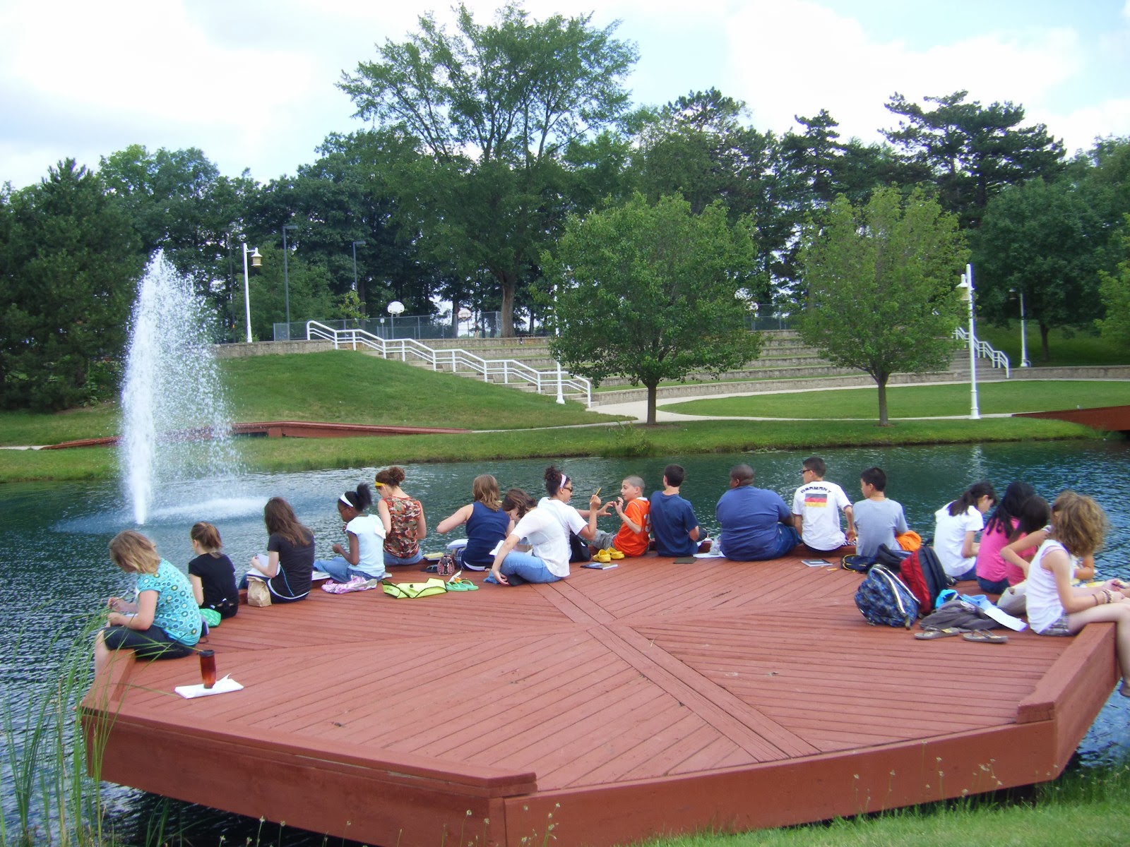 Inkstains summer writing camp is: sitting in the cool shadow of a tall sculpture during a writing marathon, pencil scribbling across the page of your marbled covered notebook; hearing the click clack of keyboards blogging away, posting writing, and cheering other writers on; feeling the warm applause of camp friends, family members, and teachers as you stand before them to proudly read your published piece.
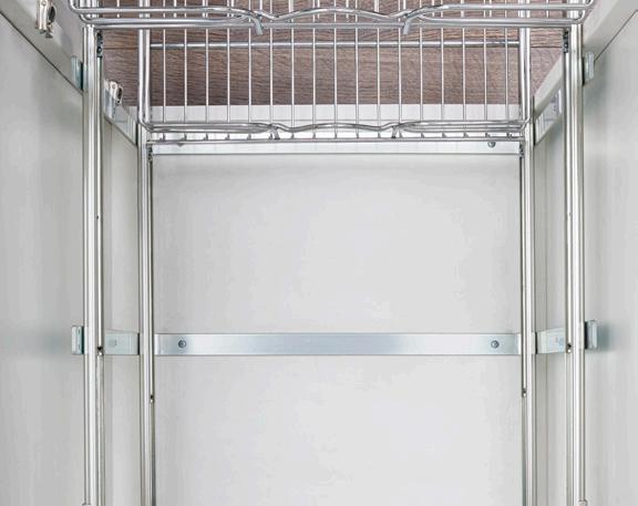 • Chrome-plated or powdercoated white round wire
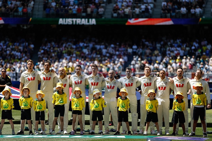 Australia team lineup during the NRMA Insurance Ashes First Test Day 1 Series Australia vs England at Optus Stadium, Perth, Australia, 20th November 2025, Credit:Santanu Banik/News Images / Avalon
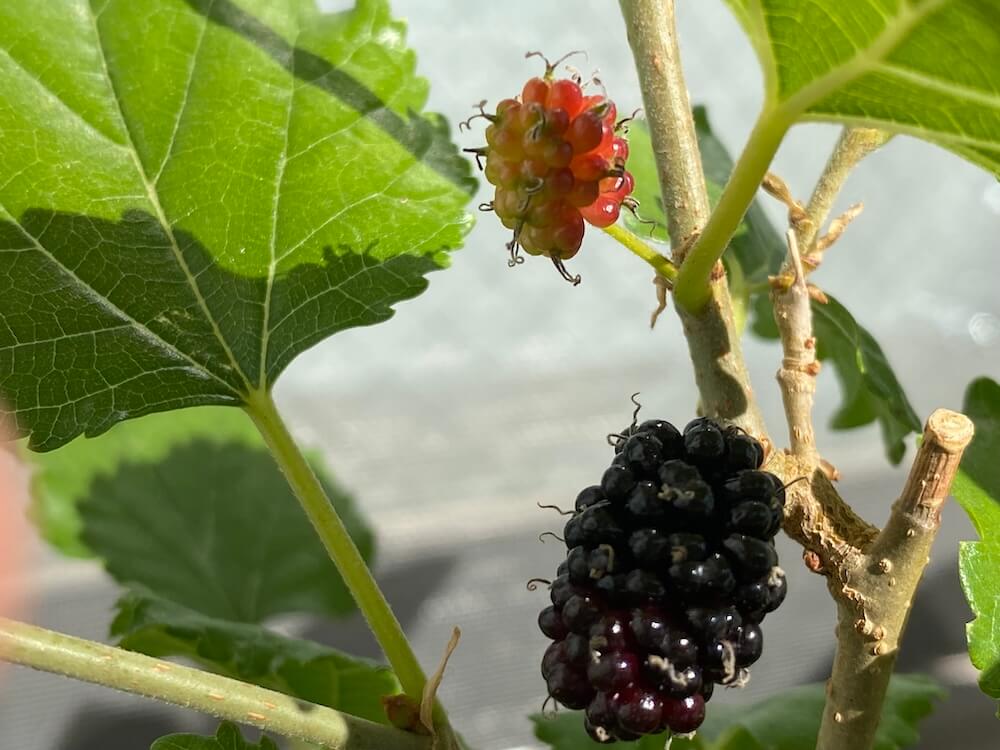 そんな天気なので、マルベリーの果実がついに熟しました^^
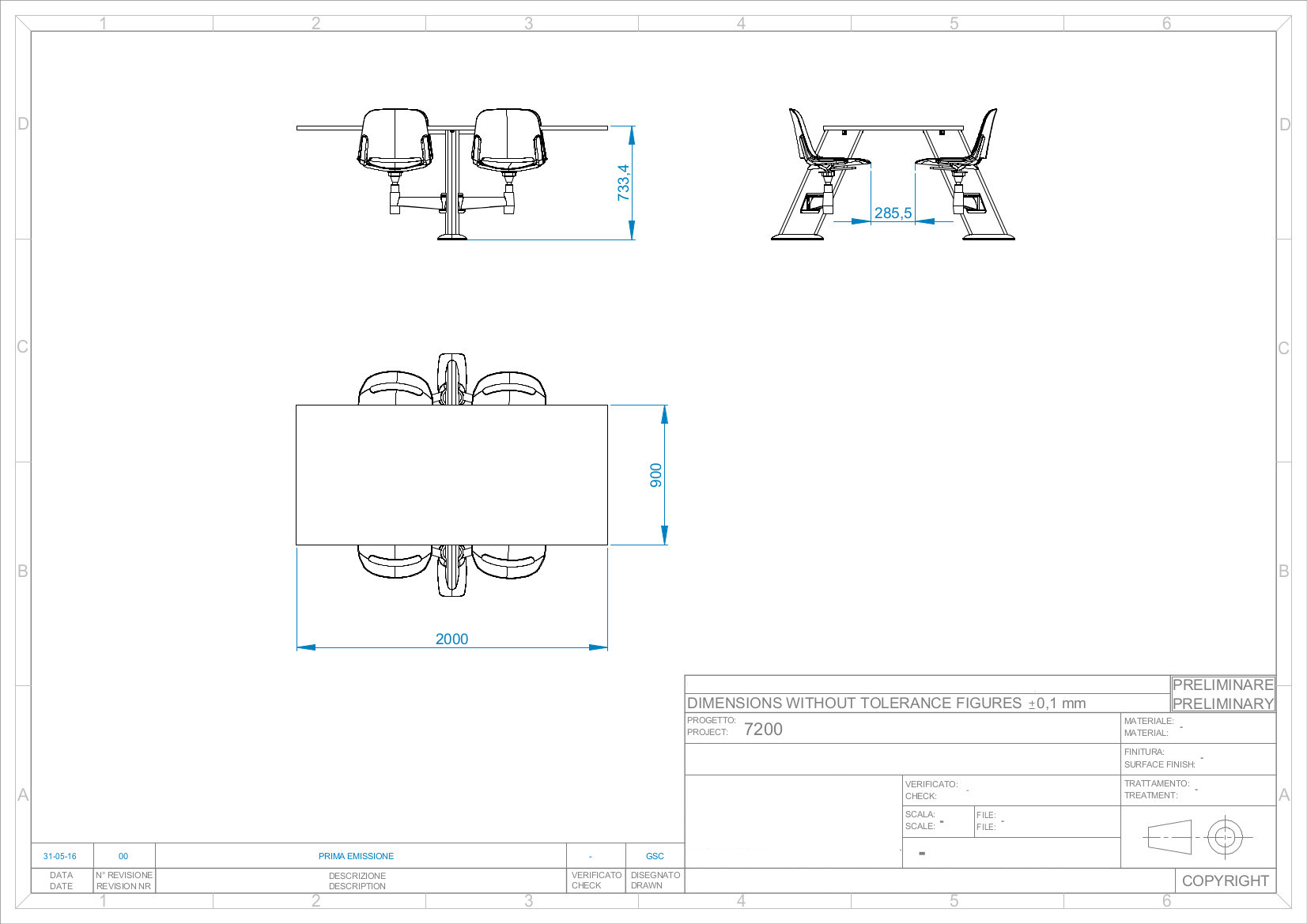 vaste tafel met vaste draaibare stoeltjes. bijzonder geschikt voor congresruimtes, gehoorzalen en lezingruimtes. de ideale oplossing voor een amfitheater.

__________________________________________________

• The problem
From the line containing "そんな天気なので、マルベリーの果実がついに熟しました^^" down to the final line of the listing above, write out only those lines exactly as they are, minus the pictures.

• Written solution
 そんな天気なので、マルベリーの果実がついに熟しました^^
 vaste tafel met vaste draaibare stoeltjes. bijzonder geschikt voor congresruimtes, gehoorzalen en lezingruimtes. de ideale oplossing voor een amfitheater.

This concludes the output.